In the first of HWO’s new monthly series profiling the important historical work being done by early career researchers, we asked Say Burgin at the University of Leeds to reflect on the importance of her doctoral research both for the discipline of history and for the politics of race and ‘diversity’ in our contemporary world. Burgin’s doctoral thesis explored white anti-racist organising in the USA since the 1960s.

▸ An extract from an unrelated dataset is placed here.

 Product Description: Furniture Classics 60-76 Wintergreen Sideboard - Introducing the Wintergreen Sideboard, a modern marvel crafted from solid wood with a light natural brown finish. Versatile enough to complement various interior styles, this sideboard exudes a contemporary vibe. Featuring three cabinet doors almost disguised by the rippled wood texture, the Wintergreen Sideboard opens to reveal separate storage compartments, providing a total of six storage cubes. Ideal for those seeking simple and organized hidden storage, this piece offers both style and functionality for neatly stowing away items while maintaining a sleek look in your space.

‘Diversity’ training is one of the great constants of neoliberal institutions in the United States of America and, increasingly, elsewhere. By ostensibly forming workforces that appreciate notions of difference, the introduction of such training is seen as important to the constitution of multicultural free market expansion. Diversity training is also the cornerstone of what Chandra Talpade Mohanty famously called the Race Industry: ‘an industry that is responsible for the management, commodification, and domestication of race’. While Mohanty was specifically interested in institutions of higher education, scholars now widely assume that race (along with other differences) has become ‘managed’ in large part through the advent of training across institutional locations. Doing so has become profitable – both for the institutions and for those working in the Race Industry.

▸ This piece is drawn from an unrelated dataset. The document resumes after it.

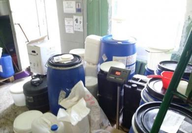 Полицейские во время санкционированного обыска, проведенного на территории цеха, изъяли фальсифицированную готовую продукцию (шампуни, жидкое мыло, маски для лица), накладные о приобретении сырья, черновые записи, документы по ведению деятельности, а также оборудование необходимо для изготовления косметики.
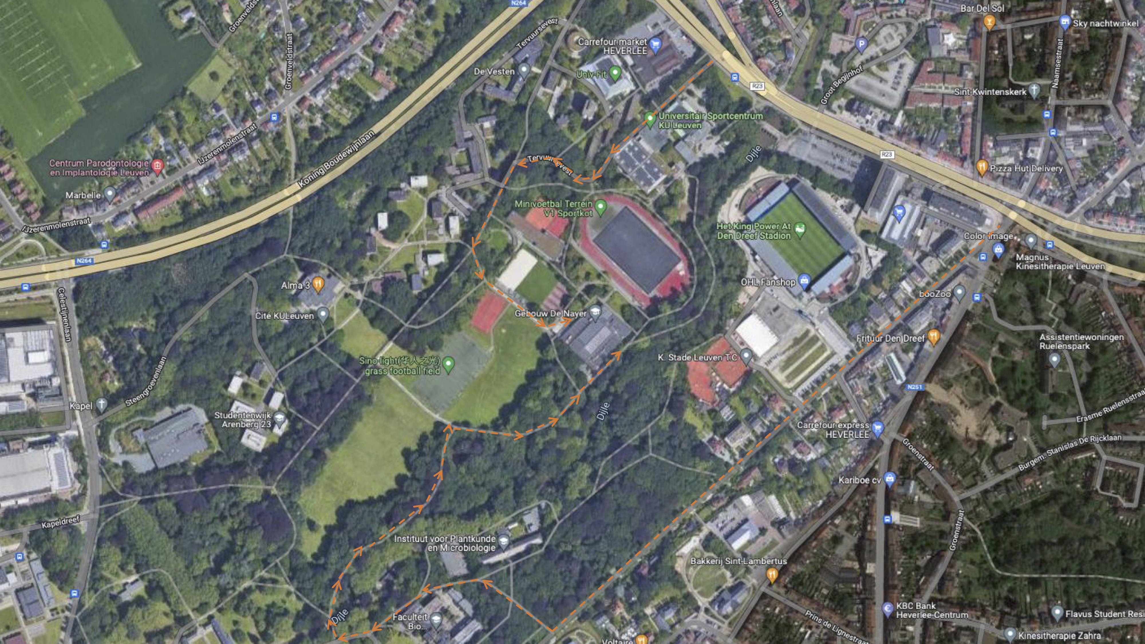 Het niet zo eenvoudig om het Universitair Sportcentrum (Sportkot) in Leuven te bereiken. Van het Sportsecretariaat van de KUleuven kregen we dit kaartje, dat waarschijnlijk een hulp kan zijn. De mogelijkheden om het gebouw De Nayer te bereiken zijn aangegeven in oranje stippellijn met pijltjes voor de richting.

Such well-evidenced interpretations of diversitytrainings notwithstanding, these training processes also have roots within a number of radical social movements. Indeed, the Race Industry in the USA can easily be seen as a neoliberal effect of the kinds of radical knowledge and practices developed within black freedom, women’s and gay liberation movements: the accommodation and, indeed, management of radical ways of knowing race (and gender, sexuality, and other ‘categories’ of difference). Radical activists in the US know that the anti-racism workshop – the precursor, I maintain, to ‘diversity’ training – has a ubiquitous and long-standing place within racial justice activism, particularly within white-dominated organisations and groups.

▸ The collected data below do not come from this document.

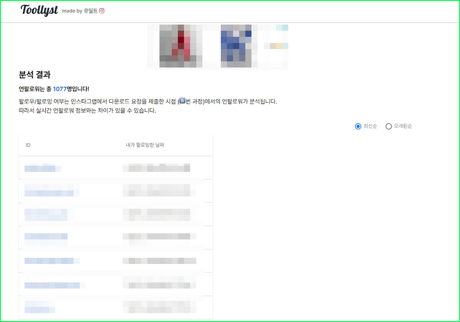 최신순, 오래된순으로 정리도 가능합니다. 바로 언팔한 사람들의 아이디를 누르게 되면 인스타그램으로 바로 연동되어 바로 언팔을 진행할 수 있습니다.
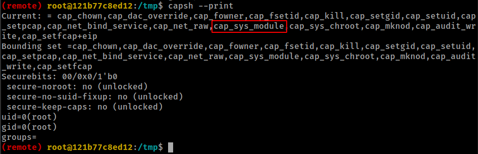 - CAP_SYS_MODULE: This means that you can insert/remove kernel modules in/from the kernel of the host machine.
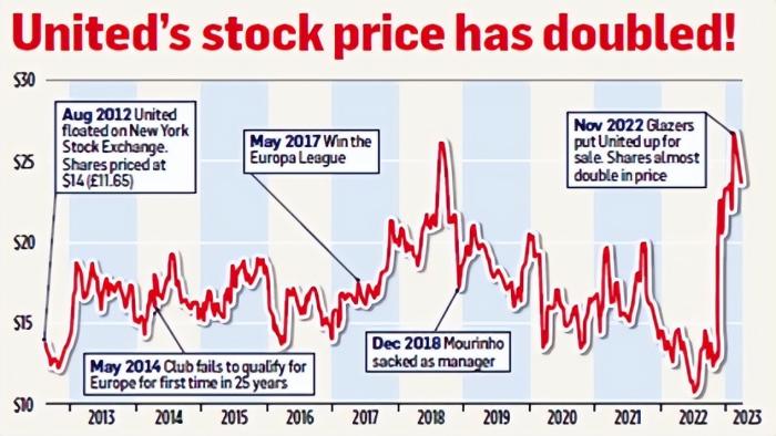 虽然收购出现波折,但曼联在纽交所的股价周五仍然达到25美元的峰值。其开盘后一度暴跌1美元,但下午重新飙升。过去一周,曼联的股价一度超过了26美元,上涨6%,这可能增强格雷泽家族想要至少60亿英镑的决心。

Several years ago, when I was living and working as a community organizer in Pittsburgh, I co-facilitated a 10-week anti-racism workshop series for white radical activists. One of the essays we read was Catherine Jones’ widely-circulated 1997 article ‘The Work Is Not The Workshop: Talking and Doing, Visibility and Accountability in the White Anti-Racist Community’. Jones insisted that anti-racism workshops had problematically become the main channel of white racial justice activism. This ‘workshop-heavy’ culture, she argued, ‘places such strong rewards on high-visibility work, like conducting workshops or speaking and writing about racism’ that it ‘may have gotten to the point where it is more committed to supporting workshops than supporting the actual work’. Even as we deliberated it, our Pittsburgh group exemplified her critique.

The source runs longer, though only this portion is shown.